His expression of amused disbelief made her want to throw up.

“Can we agree on soft spot?” he suggested with the same insufferable smile.

Poppy shuddered. She averted her face, trying to hide behind her shoulder. “I miss the old you, the nice you. Can you please bring Randall Grant back?”

“Randall Grant is dead.”

Her head jerked up and her gaze met his.

He nodded, expression almost sympathetic. “Yes, dead, because he never existed. I am Dal Grant, and have always been Dal. You made me into this Randall who was good and kind and considerate, but that’s not me. It never has been.”

“Fine. You’re Dal Grant. Congratulations.” She yanked on her hand, struggling to free herself, struggling with a new, feverish desperation. “Now, let me go.”

“Not yet.”

“Why not?”

“Because we need to finish establishing a few things—”

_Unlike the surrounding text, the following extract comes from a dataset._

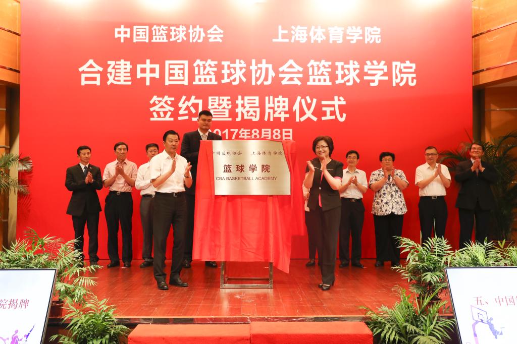 本网讯 8月8日下午,“中国篮球协会篮球学院”签约暨揭牌仪式在我院图文信息楼报告厅举行,国家体育总局副局长李颖川,上海市副市长翁铁慧,上海市政府副秘书长宗明,上海市教委主任苏明,上海市宝山区委书记、上海市篮球协会会长汪泓,中国篮球协会主席姚明,中国大学生体育协会专职副主席兼秘书长薛彦青,中国篮球协会副主席杨桦,中国篮球协会秘书长白喜林,上海市体育局党委副书记李崟,上海体育学院党委书记戴健,上海体育学院党委副书记、院长陈佩杰,上海体育学院党委副书记、副院长陈晓峰,上海体育学院党委副书记、纪委书记詹萌,上海体育学院副院长毛丽娟,上海青少年篮球运动发展中心理事长李秋平,安踏集团董事局主席兼CEO丁世忠,中国篮球协会原副主席、上海市大学生体育协会会长姚颂平等出席揭牌暨签约仪式。揭牌暨签约仪式由戴健主持。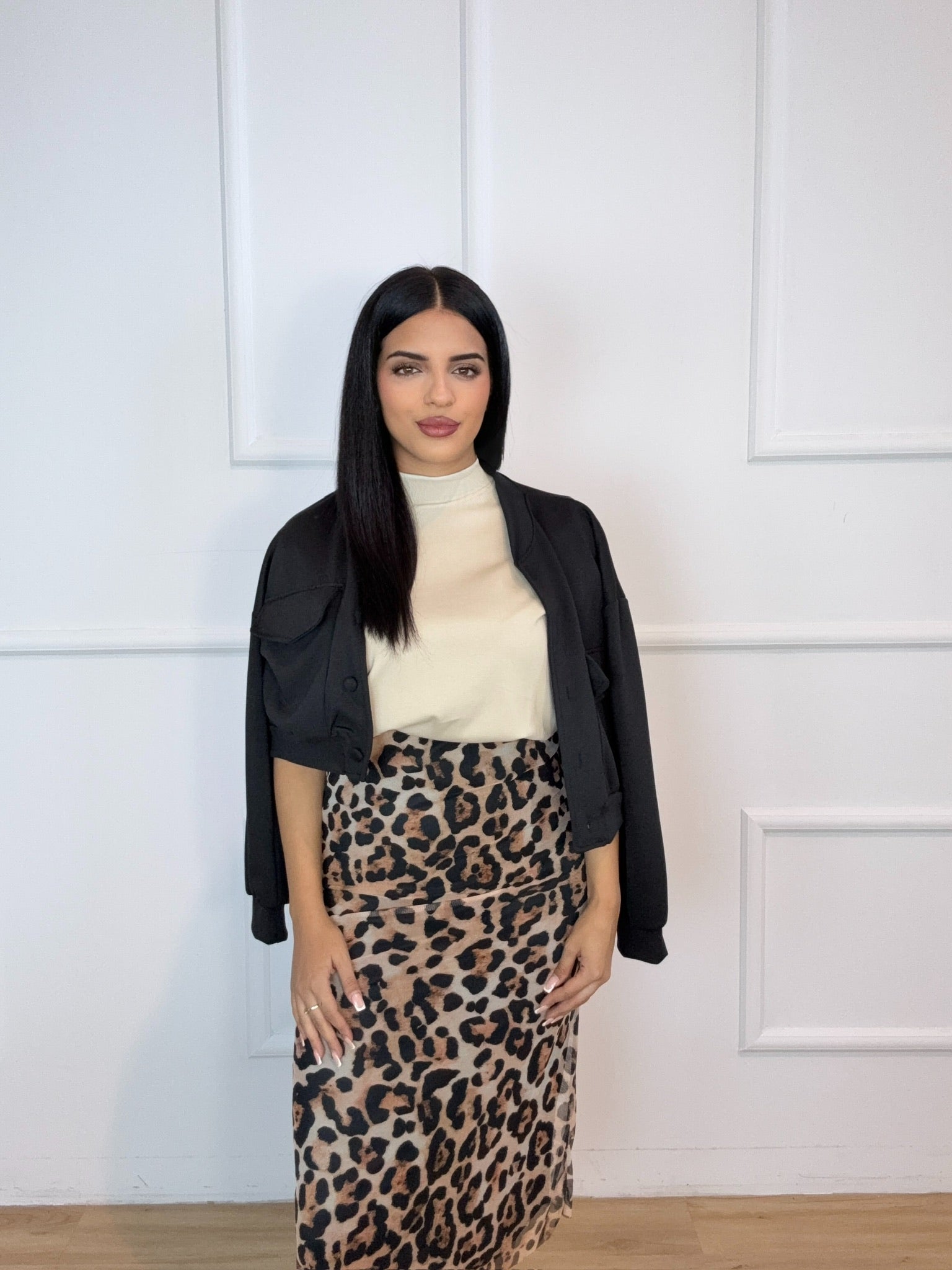 Talla Única: da desde la S hasta la XL. Estampado leopardo en tonos tierra. Tejido suave y elástico que se adapta a la figura, con cintura alta para mayor confort. Versátil para looks casual o de noche.

“I think we’ve established quite a lot already. You’re Dal, not Randall. You’re not a nice man and you never have been. You think I betrayed you—”

“I know you betrayed me.”

“And you want me to betray Sophie.”

“But you don’t want to do that.”

“Of course I don’t. And I won’t.”

“Because she was your champion. She protected you from the time you were just a charity case at Haskell’s—”

“Stop, just stop.”

“I understand more than you think I do. I know more than you think I do, too. I know you grew up poor and insecure, and how you believed that you had to be perfect, or close to perfect, because one misstep and you could lose it all. Your scholarship at Haskell’s. Your friendship with Sophie. And then later, your job with me. Sophie once said that the reason you were so dependable was because you knew life was precarious and fraught with uncertai

nties. You’d told her that the best way to survive, and maybe the only way to survive, was by being necessary to those around you. So you became Sophie’s rock. And then my rock.”

“You were Sophie’s rock, too,” he continued, “but she’s gone now, and that leaves just you and me.”

She flushed deeply, even as her body throbbed with awareness. Randall’s arm still lay across her thighs, and his hand continued to cup her knee, and her pulse was beating so hard that her head felt woozy. “I don’t like the way you make that sound.”

“How am I making it sound?”

“As if there is something...illicit...between us. But there is nothing illicit. There is just a work relationship, and this—” she broke off, gesturing to the chair and the place she sat “—is not proper or professional and I’m asking you to let me go so that I can return to my chair.”

“Did you not invite Renzo to my wedding today?”

Her stomach rose and fell and she stared into Randall’s golden eyes, stricken. Had Renzo contacted Randall? Had there been communication of some sort between the two men?

But no, that couldn’t be. There was no way.

He was making wild guesses, trying to unsettle her, and it was unsettling, but he didn’t know anything and she could not, absolutely could not, give him details. Let him speculate all he wanted, but it would be disastrous if she confirmed her part in today’s debacle.

Stay calm, she told herself. Don’t panic.

And don’t feel, and don’t think about how warm Randall’s hand is, or how heat seemed to radiate from him to her, seeping into her skin, making her aware of how large his hands were, and how the pressure of his forearm across her thighs made her feel tingly, and tingly wasn’t good. Tingly was dangerous.

“It’s not disloyal to care for us both,” he added after a moment.